In Magyar Hírlap, philosopher Ervin Nagy, one of the co-founders of Jobbik, who left the radical right-wing organisation when it started voicing racist opinions and opposing Fidesz, thinks that we are witnessing the death-throes of the Socialist Party, “and can write its obituary” before the mandate of the Parliament elected this year expires. He doesn’t find that agony surprising, on the contrary he believes it would have been only too natural for the post-communist party to die out as soon as dictatorship was replaced by democracy. He warns the right wing, however, not to gloat over the sight of such rivalry within the leftist camp, because this is only the prelude to a stronger and more viable opposition to the present government. What is at stake within the Left is which group will replace the Socialist party as Fidesz’s leading challenger. The only question is whether any of the contenders will be able to come up with convincing and charismatic personalities. For the Socialist Party has been a stagnant pool of people who had no talent and were morally weak. They have been no match for Fidesz and therefore their disappearance will be a positive development not just for pro-government groups, but for left-wingers as well.

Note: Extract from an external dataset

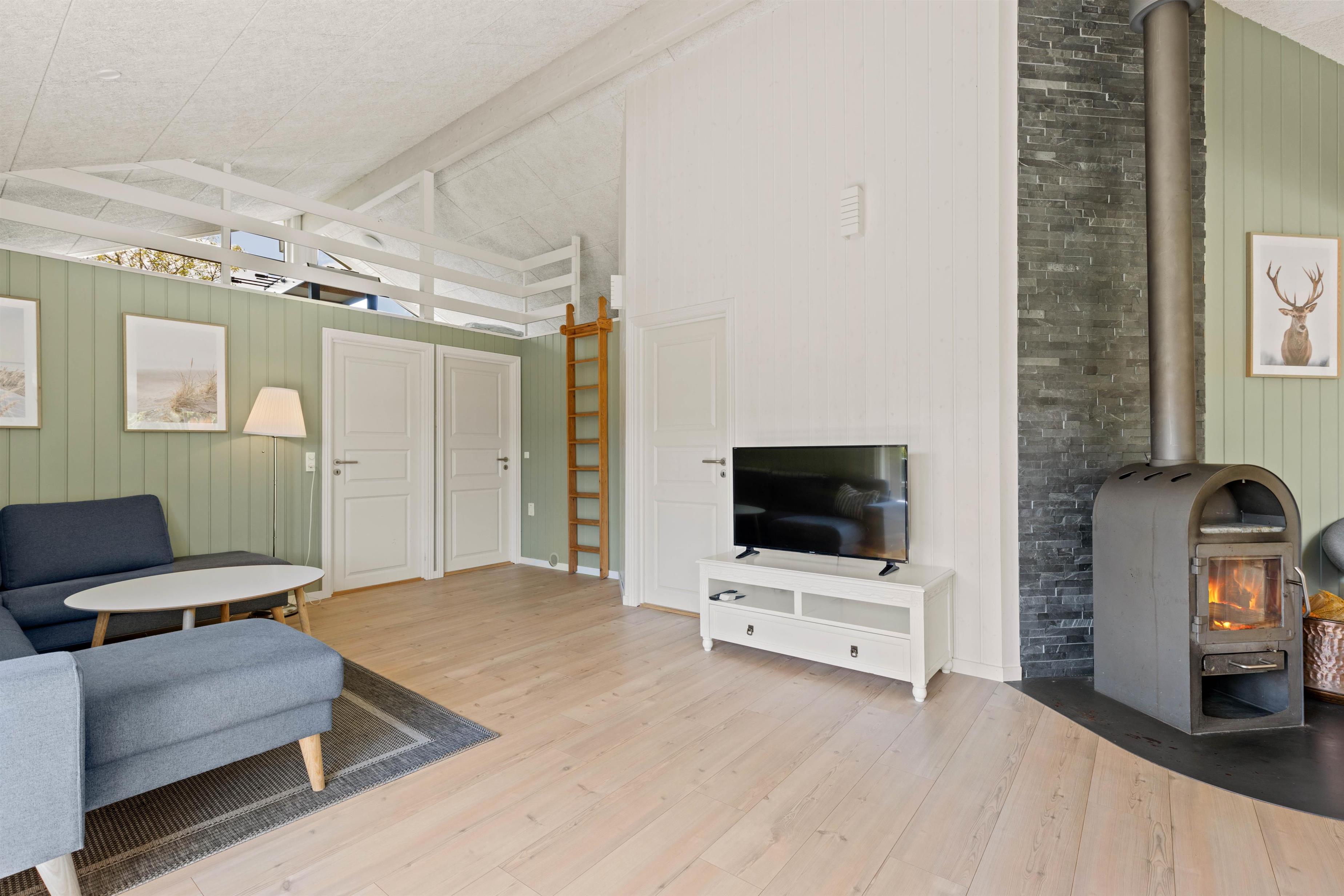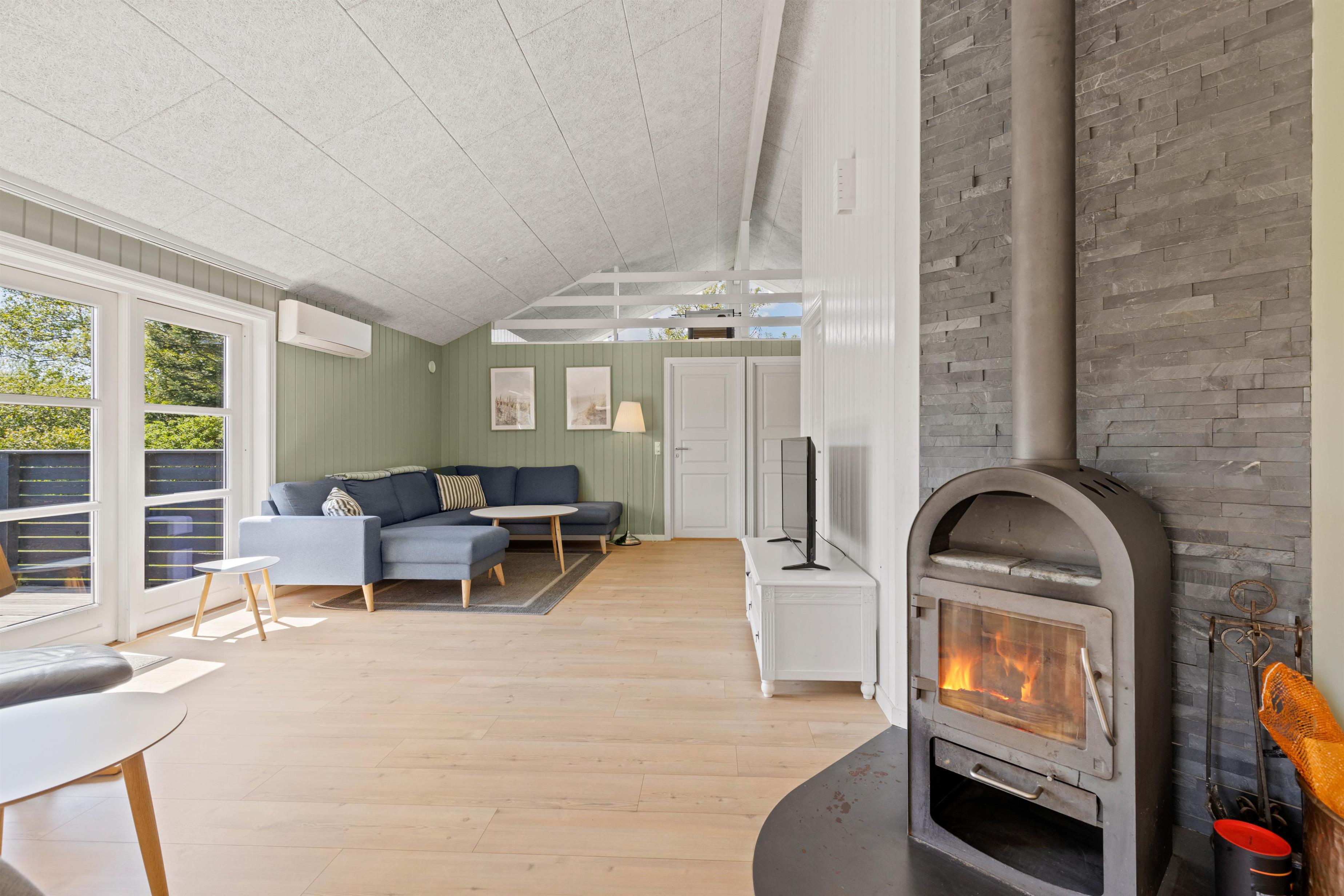 Den energibesparende varmepumpe sørger for, at I har et behageligt rumklima hele året rundt, og på i de kølige årstider bliver brændeovnen et sikkert hit - de knitrende flammer spreder ikke kun varme, men også en skøn atmosfære.

In 168 Óra, historian György Földes, who served as chairman of the National Board of the MSZP in the mid-90s, suggests that the Left must start reorganising itself from scratch. In his contribution to a debate on the crisis of the Left in the left liberal weekly, Földes suggests that the roots of the failure of the Socialist Party lie in the unfulfilled promise of the regime change, namely that the enrichment of the elite will be accompanied by higher living standards throughout society. The right wing has skilfully exploited the failure of modernisation and united around itself a majority of people left without a future who hope at least for a certain degree of security which might only be guaranteed by the state. The Socialists, on the contrary, were too confident that European integration would solve the problems of the majority. In consequence, they did not work out a strategy promising more social justice and more inclusion. By now it is too late for them; they are not considered either credible or fit for the job. As a result of the financial crisis, the Left is bumping into a similar problem in the West as well: the desire for safety and security might overwrite expectations of social justice. Under such conditions a new beginning is needed and in the short run left-wing forces should not hope to defeat Fidesz but rather to systematically rebuild themselves, Földes concludes.